FIG. 4 is a flowchart showing the initialization of the memory manager and the assignment of processors to preferred memory pools. Initialization processing commences at 400 whereupon a threshold value is retrieved for a first memory pool (step 410) from configuration data 420. In one embodiment, threshold values are preset for each memory pool and configuration data 420 are stored in a nonvolatile storage device. In another embodiment, configuration data 420 includes threshold values are requested by applications so that the threshold level can be adjusted, or optimized, for a particular application. The retrieved threshold value is applied to the first memory pool (step 430).

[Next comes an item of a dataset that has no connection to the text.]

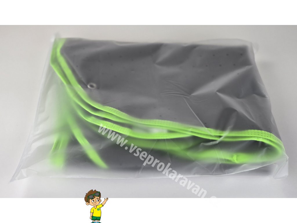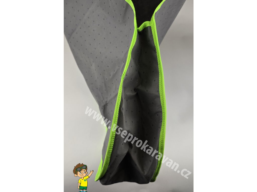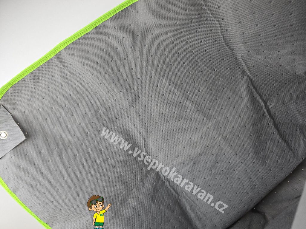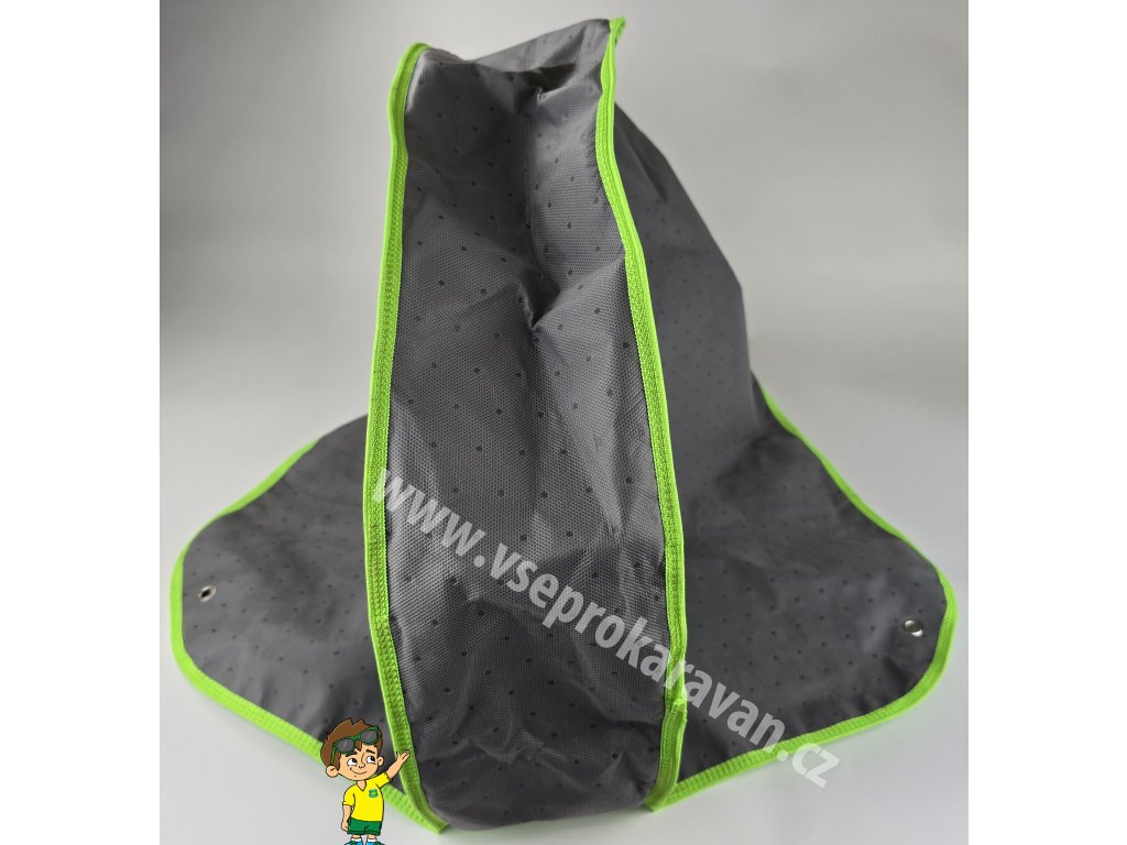 Nepromokavý materiál, odolný vůči UV záření. Upevnění pomocí gumičky nebo provázku.

 A determination is made as to whether there are more memory pools in the computer system (decision 440). If there are more memory pools, decision 440 branches to “yes” branch 450 which retrieves the configuration value for the next memory pool (step 460) from configuration data 420 and loops back to set the threshold for the memory pool. This looping continues until all thresholds have been set for all memory pools, at which point decision 440 branches to “no” branch 470.

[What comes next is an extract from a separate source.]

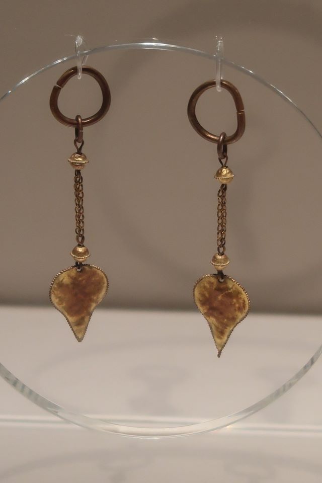 อาจเพราะอยู่กันใกล้ และเคยพัวพันกันมากของจากเกาหลีในพิพิธภัณฑสถานแห่งชาติญี่ปุ่นจึงมีอะไรหลายอย่างเป็นพิเศษโดยเฉพาะเครื่องทองคำชฎามงกุฎส่วนมาก มักห้อยลูกปัดรูปลูกน้ำเป็นพิเศษ แต่ที่ี้ไม่มีให้เห็น เห็นแต่ต่างหูทองคำโดยเฉพาะใบโพธิ์ คล้ายกับที่พบในไทยเราเหลือเกินครับ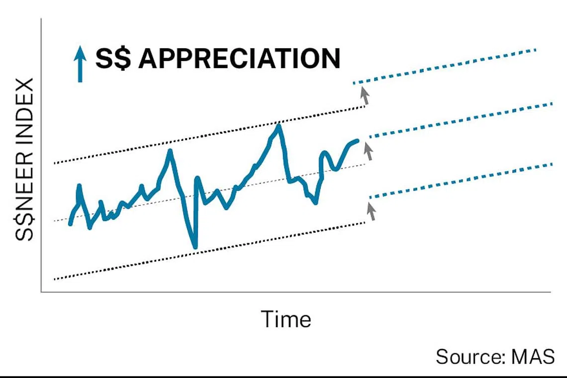 What this means: The slope of the band controls how quickly MAS allows the Singdollar to appreciate against a basket of currencies. If MAS steepens the band's slope, it is allowing the Singdollar to appreciate faster. Conversely, a flattening of the slope would cause the Singdollar to appreciate at a slower pace.

 During system operation, memory is managed using a virtual memory manager (predefined process 480, see FIG. 5 and corresponding description for further details). Processing thereafter ends (i.e., system shutdown) at 490.
FIG. 5 is a flowchart showing a memory management process invoking the page stealer method in response to various threshold conditions. Memory management processing commences at 500 whereupon a memory request is received (step 505) from one of the processors included in processors 510.

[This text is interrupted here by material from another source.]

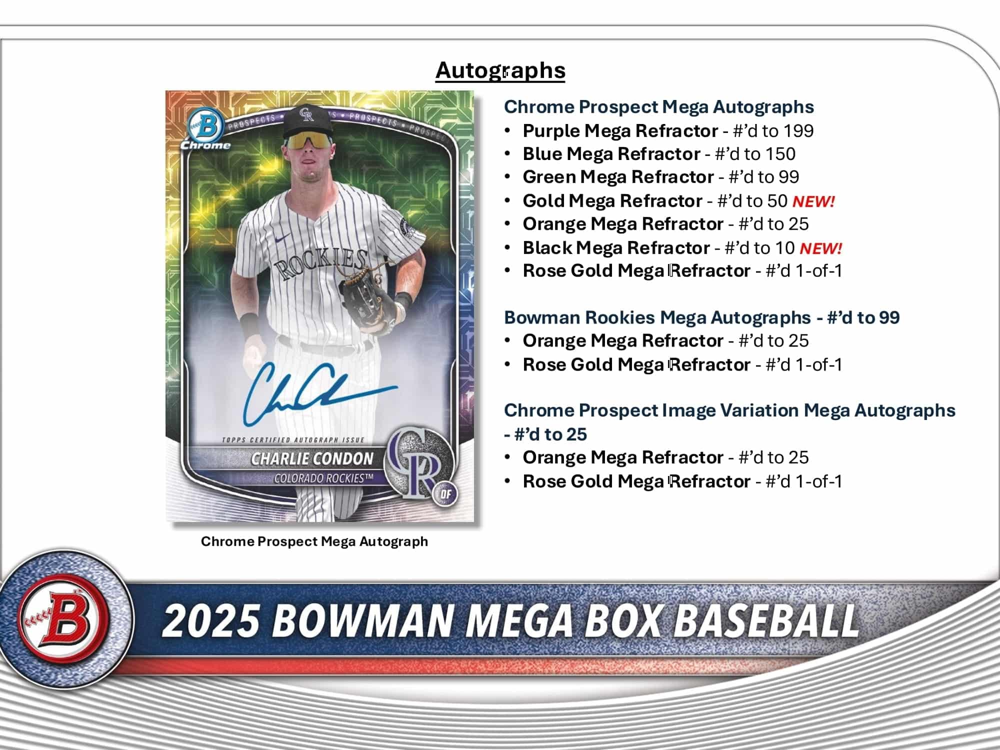 Chrome Prospect Mega Autographs in Purple (#/199), Green (#/99), Orange (#/25), and Black 1-of-1!

 The local memory pool corresponding to the processor and included in system wide memory pools 520 is checked for available space (step 515). A determination is made as to whether there is enough memory in the local memory pool to satisfy the request (decision 525). If there is not enough memory in the local memory pool, decision 525 branches to “no” branch 530 whereupon another determination is made as to whether there are more memory pools (i.e., remote memory) to check for available space (decision 535). If there are more memory pools, decision 535 branches to “yes” branch 540 whereupon the next memory pool is selected and processing loops back to determine if there is enough space in the remote memory pool. This looping continues until either (i) a memory pool if found with enough available space, or (ii) there are no more memory pools to check. If no memory pool (remote or local) has enough space, decision 535 branches to “no” branch 550 whereupon a page stealer method is invoked to free pages of memory from one or more memory pools (step 555).
 On the other hand, if a memory pool (local or remote) is found with enough free memory to satisfy the request, decision 525 branches to “yes” branch 560 whereupon the memory request is fulfilled (step 565). A determination is made after fulfilling the memory request as to whether the used space in the memory pool that was used to fulfill the request exceeds a threshold set for the memory pool (decision 570). If such threshold has not been reached, decision 570 branches to “no” branch 572 and processing ends at 595.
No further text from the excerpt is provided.